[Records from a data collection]
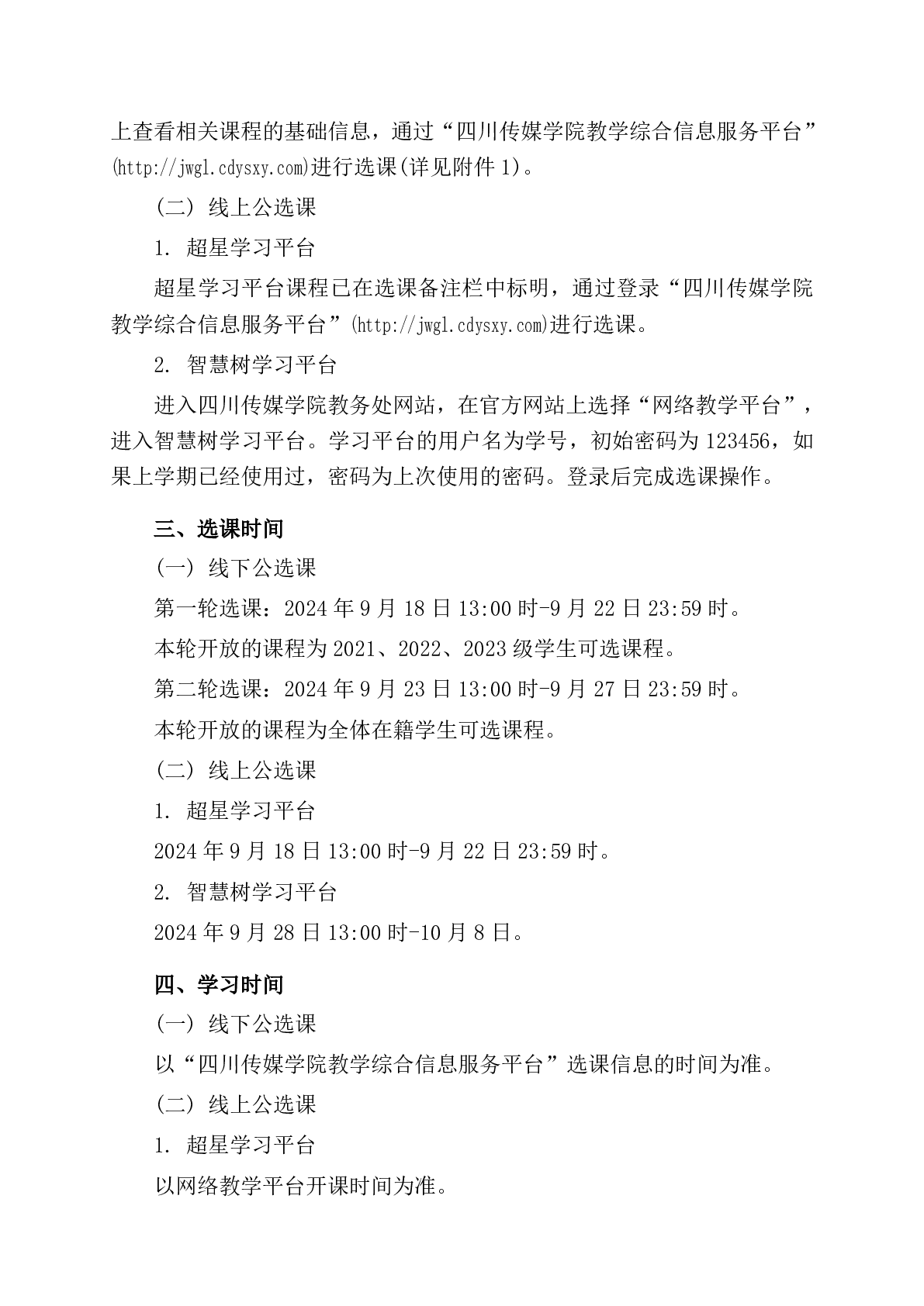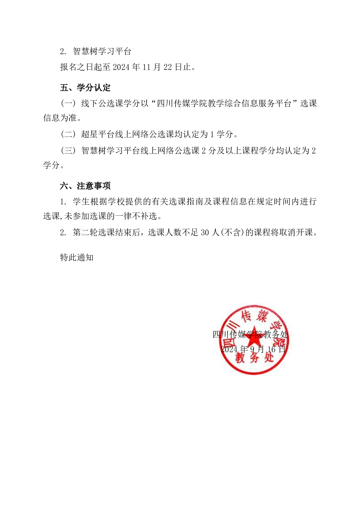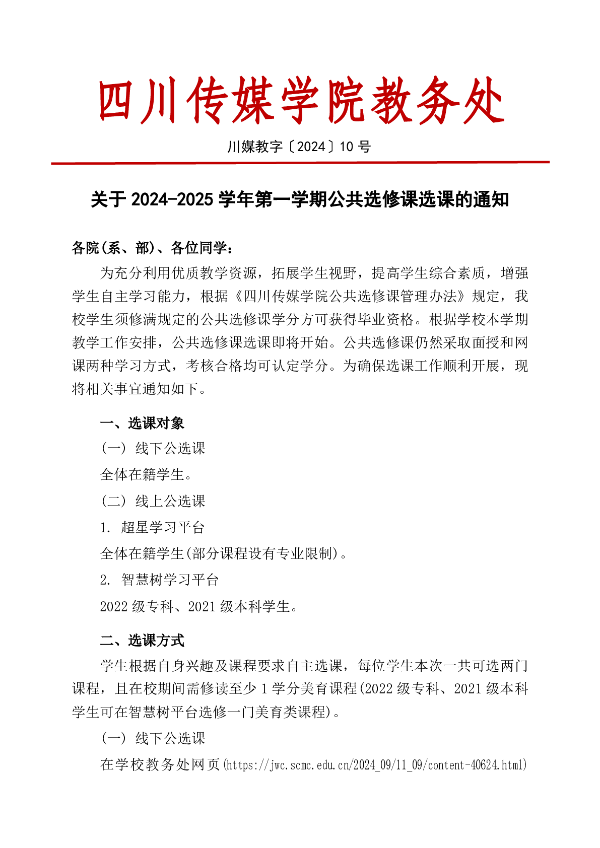 四川传媒学院教务处关于2024-2025学年第一学期公共选修课选课的通知
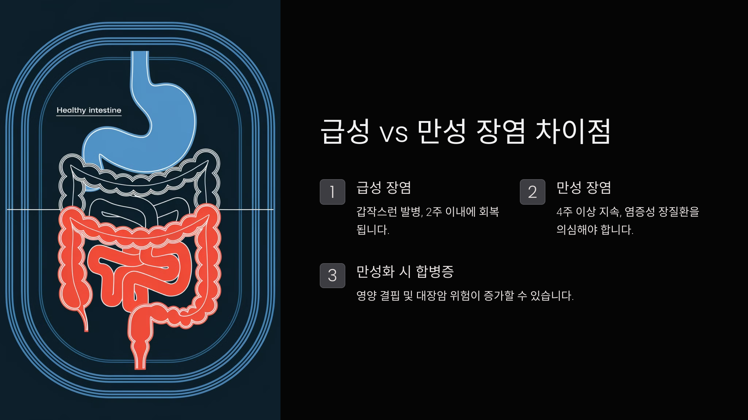 다음으로, 급성 장염과 만성 장염의 차이점을 알아볼까요? 🧐
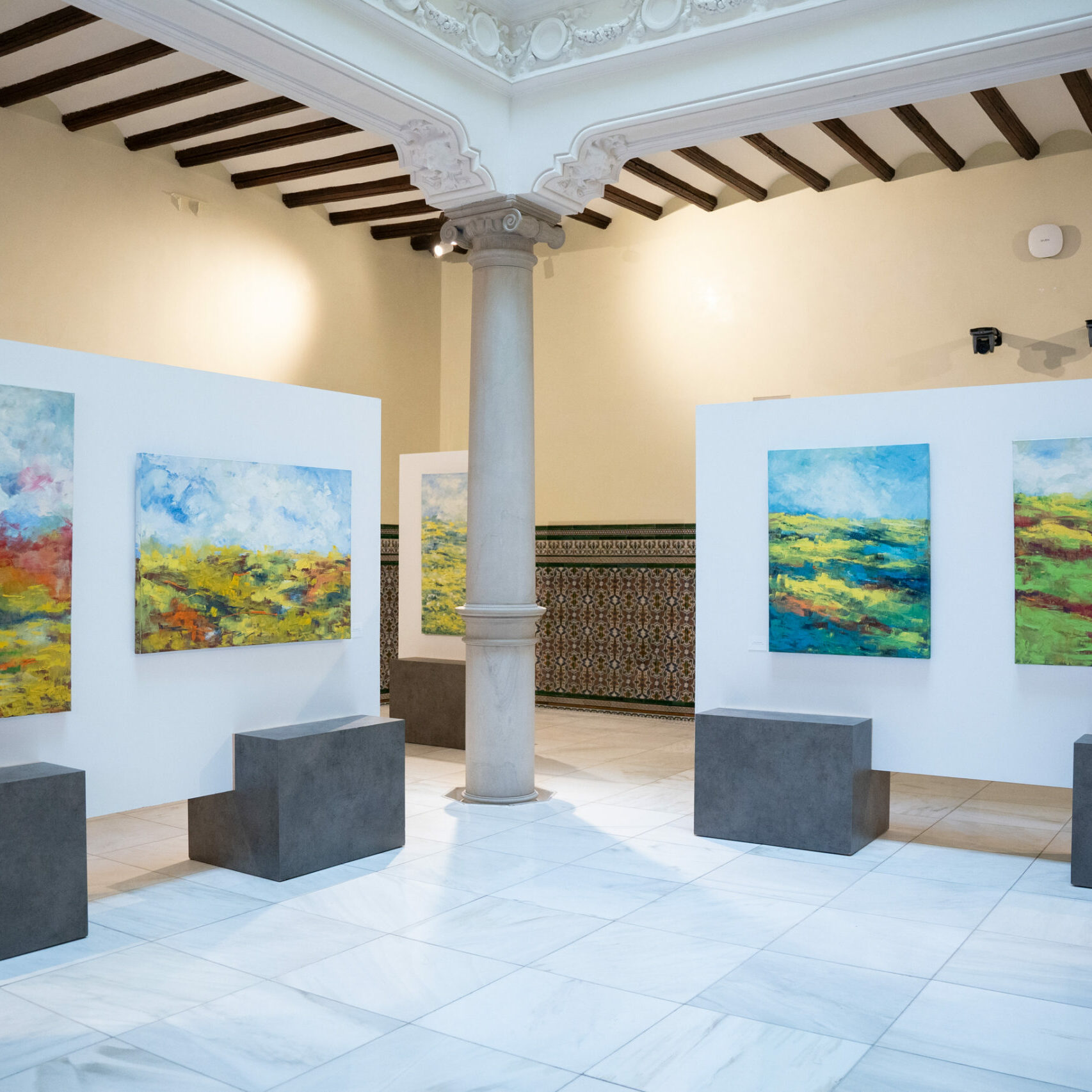A partir del 22 de septiembre, el patio del Edificio Grupo San Valero acoge la exposición «Tierras de Aragón», una selección de diez óleos de la pintora y escritora zaragozana Pilar Aguarón Ezpeleta.
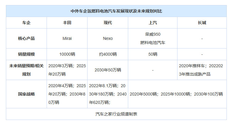 在商業(yè)化進(jìn)程上,長城汽車與上汽集團(tuán)還有一段距離。按照長城汽車此前公布的規(guī)劃顯示,其氫燃料電池汽車至少要在2023年才能夠?qū)崿F(xiàn)量產(chǎn)上市。
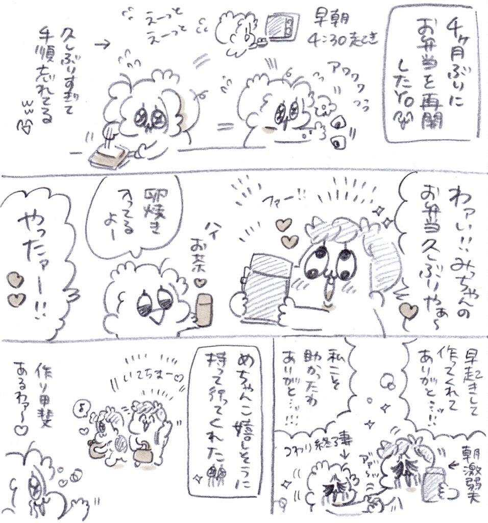 マジでしんどい時はそんなこと思う余裕もないし、気づいても「ほんまごめん😣」と言って頼んでるので、思い遣って行動できるっていうのが少し余裕が生まれた証拠なのだろうと思いました😊元気になってきたので早朝起きもそんなに苦じゃないし、お弁当を作ると夫が嬉しそうに持って行ってくれるので作り甲斐がありますね😊
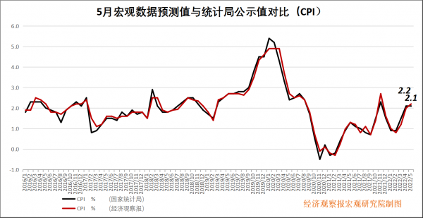 中邮证券宏观策略分析师魏大朋点评:5 月CPI 同比上涨 2.1%,与 4 月份持平,保持温和上涨趋势,其中食品价格上涨2.3%,非食品价格上涨 2.1%。CPI环比下降 0.2%,其中食品价格下降 1.3%,非食品价格上涨 0.1%。
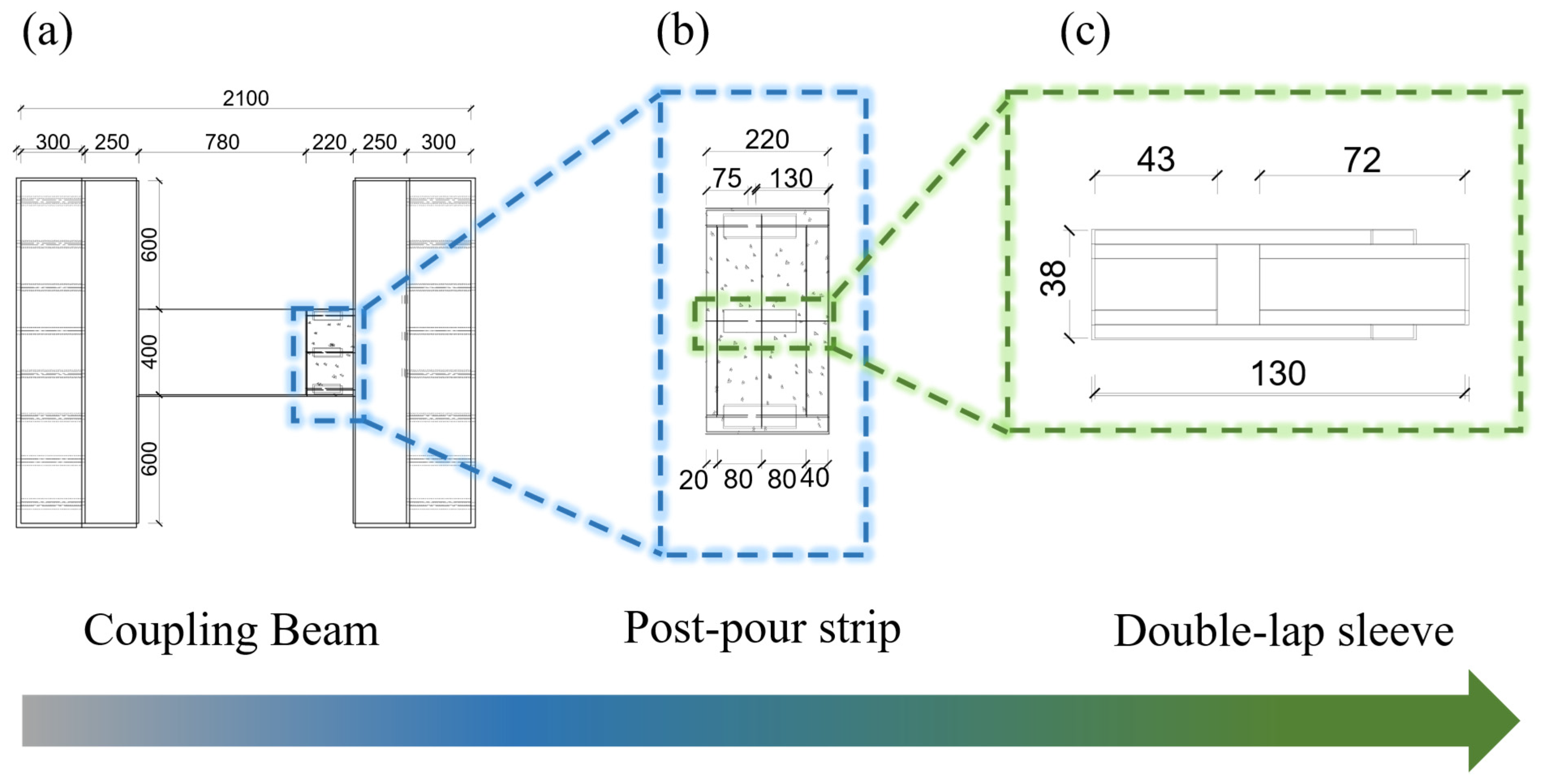 | Specimen | Coupling Beam Dimensions (mm) | Longitudinal Reinforcement | Shear Reinforcement | Span-to-Depth Ratio | Sleeve Connection Detail |

## PROBLEM TO WORK ON:
Copy only this from above: the line containing "マジでしんどい時はそんなこと", the line containing "中邮证券宏观策略分析师魏大朋点评:5 月CPI 同比上涨", and all lines between, printed exactly. Leave out the pictures.

## RESPONSE TO THE EXERCISE:
 マジでしんどい時はそんなこと思う余裕もないし、気づいても「ほんまごめん😣」と言って頼んでるので、思い遣って行動できるっていうのが少し余裕が生まれた証拠なのだろうと思いました😊元気になってきたので早朝起きもそんなに苦じゃないし、お弁当を作ると夫が嬉しそうに持って行ってくれるので作り甲斐がありますね😊
 中邮证券宏观策略分析师魏大朋点评:5 月CPI 同比上涨 2.1%,与 4 月份持平,保持温和上涨趋势,其中食品价格上涨2.3%,非食品价格上涨 2.1%。CPI环比下降 0.2%,其中食品价格下降 1.3%,非食品价格上涨 0.1%。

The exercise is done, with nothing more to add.